Alternatively, a pulse potential is applied within a potential range in which NADPH electrolysis occurs, and 10 to 100 after applying the pulse potential.
A method for measuring NADH or NADPH, which measures a current flowing between the working electrode and the counter electrode after 0 millisecond. 2. A series of operations in the measurement method according to claim 1 is defined as one cycle, and this operation is repeated for two or more cycles, and an average value of current measured in each cycle is calculated and converted into a NADH concentration or a NADPH concentration.

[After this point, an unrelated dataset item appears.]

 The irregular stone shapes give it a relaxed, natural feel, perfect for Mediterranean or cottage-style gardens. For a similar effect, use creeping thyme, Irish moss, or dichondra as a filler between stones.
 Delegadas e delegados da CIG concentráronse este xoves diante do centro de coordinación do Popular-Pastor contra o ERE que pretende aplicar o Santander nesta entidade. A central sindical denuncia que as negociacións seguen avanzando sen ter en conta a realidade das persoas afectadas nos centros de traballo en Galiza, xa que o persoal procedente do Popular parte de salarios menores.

Measurement method to be performed. 3. The method according to claim 2, wherein a series of operations of two or more cycles are performed continuously in time. 4. The measuring method according to claim 1, wherein the time for applying a constant potential within a range in which electrolysis of NADH or NADPH does not occur is a time required for the electrodes to stabilize. 5. A constant potential within a range in which electrolysis of NADH or NADPH does not occur is -500 to 200 mV (v
s. (Ag / AgCl) is the measurement method according to any one of claims 1 to 4. 6. A time for applying a constant potential within a range in which electrolysis of NADH or NADPH does not occur is 1 second to 120 seconds.

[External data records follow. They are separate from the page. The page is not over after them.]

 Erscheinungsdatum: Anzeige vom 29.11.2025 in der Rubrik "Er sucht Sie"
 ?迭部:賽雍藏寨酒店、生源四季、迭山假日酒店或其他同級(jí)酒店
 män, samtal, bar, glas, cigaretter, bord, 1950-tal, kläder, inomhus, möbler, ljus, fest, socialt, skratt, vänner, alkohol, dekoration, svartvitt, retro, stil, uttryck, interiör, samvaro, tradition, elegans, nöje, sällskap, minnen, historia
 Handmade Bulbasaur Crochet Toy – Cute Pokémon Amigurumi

The measuring method according to any one of claims 1 to 5, which is in a range of seconds. 7. The measuring method according to claim 1, wherein the time for applying a constant potential within a range in which electrolysis of NADH or NADPH does not occur is in a range of 2 seconds to 10 seconds. 8. A pulse potential of 100 to 1000 mV (v
s. (Ag / AgCl). The method according to claim 1. 9. The measuring method according to claim 1, wherein the working electrode is a plastic formed carbon electrode. 10. The measuring method according to claim 1, wherein the working electrode is covered with an interference removing film. 11. An enzyme activity for measuring the activity of an enzyme having NADH or NADPH as a coenzyme by measuring the concentration of NADH or NADPH using the method according to any one of claims 1 to 10. Measuring method. 12. An enzyme substrate for measuring the concentration of a substrate of an enzyme having NADH or NADPH as a coenzyme by measuring the concentration of NADH or NADPH by using the method according to any one of claims 1 to 10. How to measure the concentration.